Limitations & Future Work¶
- CT reconstruction results are affected by noise in the FBP initial reconstruction; the authors suggest using multi-view 3D Gaussian foundation models to mitigate this.
- Experiments focused on CT (pre-training) + a small amount of MRI registration; the generalizability to more modalities/tasks (e.g., PET, Ultrasound) remains to be verified.
- Systematic analysis of hyperparameters like Gaussian count \(k\) and influence radius \(d_i\) regarding the tradeoff between rendering quality and computational cost is missing.
- Zero-shot initialization was only validated on the 3DGR-CT reconstruction pipeline; transferability to other 3DGS medical reconstruction pipelines is unclear.
Related Work & Insights¶
- MIM Lineage: MAE pioneered efficient pre-training using 25% visible patches and a lightweight decoder. In the medical field, Models Genesis, HySparK, and VoCo have introduced variants in masking and architecture, but all remain locked into the "voxel-level reconstruction" objective. This paper provides an alternative path: "change the target instead of the architecture."
- 3DGS in Medicine: 3D Gaussian Splatting has been used for CT, coronary, and 4D-CT reconstruction. While 2D GMAE uses Gaussian z-axis inference for 2.5D slices to achieve spatial understanding, this work uses true 3D Gaussians to represent real anatomical volumes, differing in both motivation and object.
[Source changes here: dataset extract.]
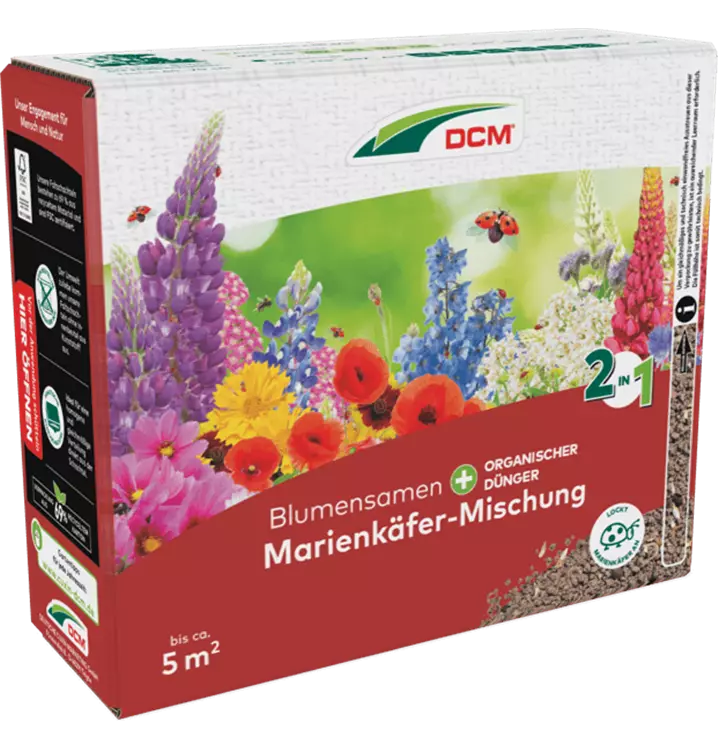 Schu¨tteln Sie die Packung, damit die verschiedenen Blumensamen und der Du¨nger gut vermischt sind. Rechnen Sie ca. 50 g DCM Marienkäfer-Mischung pro m². Fu¨r eine optimale Verteilung streuen Sie die Hälfte der Menge in Längsrichtung und die zweite Hälfte in Querrichtung aus.

- Inspiration: When a self-supervised proxy task's "reconstruction target" conflicts with domain structural priors, instead of stacking masking/architecture tricks, it may be better to switch to a continuous intermediate representation aligned with domain geometry—while simultaneously turning the decoder from "disposable" to a "reusable prior."
Rating¶
- Novelty: ⭐⭐⭐⭐ Introducing 3D Gaussian primitives as a reconstruction target for medical MIM and reusing the decoder for zero-shot reconstruction initialization is a clear idea that hits the pain points of voxel MIM.
- Experimental Thoroughness: ⭐⭐⭐⭐ Covers four task types (segmentation, classification, registration, reconstruction), compares against over ten SSL baselines, uses multiple data scales, and includes cross-modal generalization and statistical significance; the ablation is concise but addresses the core.
- Writing Quality: ⭐⭐⭐⭐ The three motivations correspond well to the three advantages of the method. The structure is organized, charts are clear, though there are minor typos in some formulas and expressions.
- Value: ⭐⭐⭐⭐ Provides a new "geometric intermediate representation + transferable decoder" framework for medical image pre-training, achieving both practicality (accelerated CT reconstruction) and representation quality.